Something to remember

Wednesday, July 20, 2011

Some days I am reminded of just how rough life can be, how full it is of downs or uncertainties instead of ups and hopes. Life is so funny, the way things play out, and we'll never know whether it was all a coincidence or a twisted joke. On days like these, it's easy for me to forget the little things that have brought me here: the wild dreams and little guiding posts that have made me who I am.

Nature has a way of grounding me, of making me notice the little things and the big picture all at once. The perfection of each flower petal, the neverending colors natural to earth, thunder and lightning ... it's all a mystery to me. And the sky, I think, is the greatest mystery of all. I can't believe I'd forgotten, but once upon a time not so long ago, I was more than fascinated by the sky and its transformations. 

At the Grand Canyon late at night some springs ago, I stepped out under what seemed to be the naked sky for the first time in my life. Having grown up in the city, it was not unusual for even the clearest of night skies to contain at most 9 to 11 stars. Imagine my wonder when I stood under the Arizona sky and felt enveloped by a blanket of stars. I was barely a teenager, but I can still remember how full my heart felt, how surrounded I felt, how small I felt.

Later on in high school, I developed a liking for the aurora borealis. I haven't thought about it in a long time, but there was a time when I thought of the Northern Lights often and dreamt up plans to travel to Alaska or northern Sweden to view them. What beauty, what mystique ... the unknown humbles and thrills me all at once. Well, I made it to Sweden, but not to the north. Someday I will be back.

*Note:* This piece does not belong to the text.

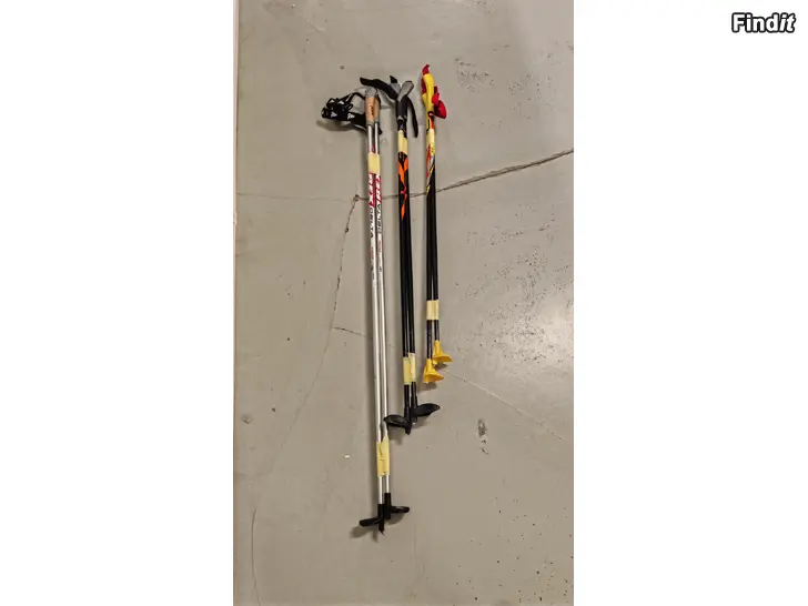 Hiihtosauvat 90 cm, 100 cm ja 120 cm. Hinta 7-9 euroa. Comboliina kirpputori hylly 163, Vaasa.

And then in college, I took an astronomy class to fulfill a mathematics requirement. This required an observation just about once every week or two. At the tip-top of the campus, in the shadows of the trees and the quiet of a clear night, we would silently crawl up a ladder and press our eager eyes against the telescope. What we saw was of another world, literally. (Everyone needs to try this at least once in their lifetime.) It was so sharp it all looked fake to me. Jupiter, with its rings, were an inch away from my nose! And the feeling I got while trying to memorize its rings and its shadow for a homework assignment was something I'd never felt before ... smallness of a magnitude that was nearly impossible to fathom. But the feeling was there, and it was incredible.

I'm insignificant in the grand scheme of things. I'm a speck of a speck of a speck on a grain on a pebble floating near another pebble in what is possibly just a small cluster of the universe. There is so much we don't know, can't see, can't imagine. My time on earth is so short, it's practically negative.

My problems are not big, any sadness is fleeting, my anger is momentary, uncertainty is certain. Happiness is the only thing worth anything.

When I look at the sky like this, memories from my past come back ... childhood (okay, teenage) dreams of seeing the Northern Lights, of becoming fluent in French, of publishing a novel, of becoming the editor-in-chief of The New Yorker, of summering in the Hamptons, of being well-read and well-spoken, of falling in love with a person worthy of me. These were my dreams at some point in my life, dreams I have set aside or, in some cases, given up on entirely. Many of them are improbable, but maybe that's what dreams are for -- to feed the child inside with hope.

Instead of discouraging or depressing me, the gazillions of stars in the sky seem to say, "don't give up, keep dreaming, don't forget who you are" ... it's easy to get lost out there to people and things and emotions and life. But the sheer presence of the stars, all eons away but twinkling and ever steady, reminds me that maybe we are all here right now for a reason. Nature is simply too beautiful to be a coincidence.

And in honor of remembering my old self, I've set up a "bucket list" at 43 Things.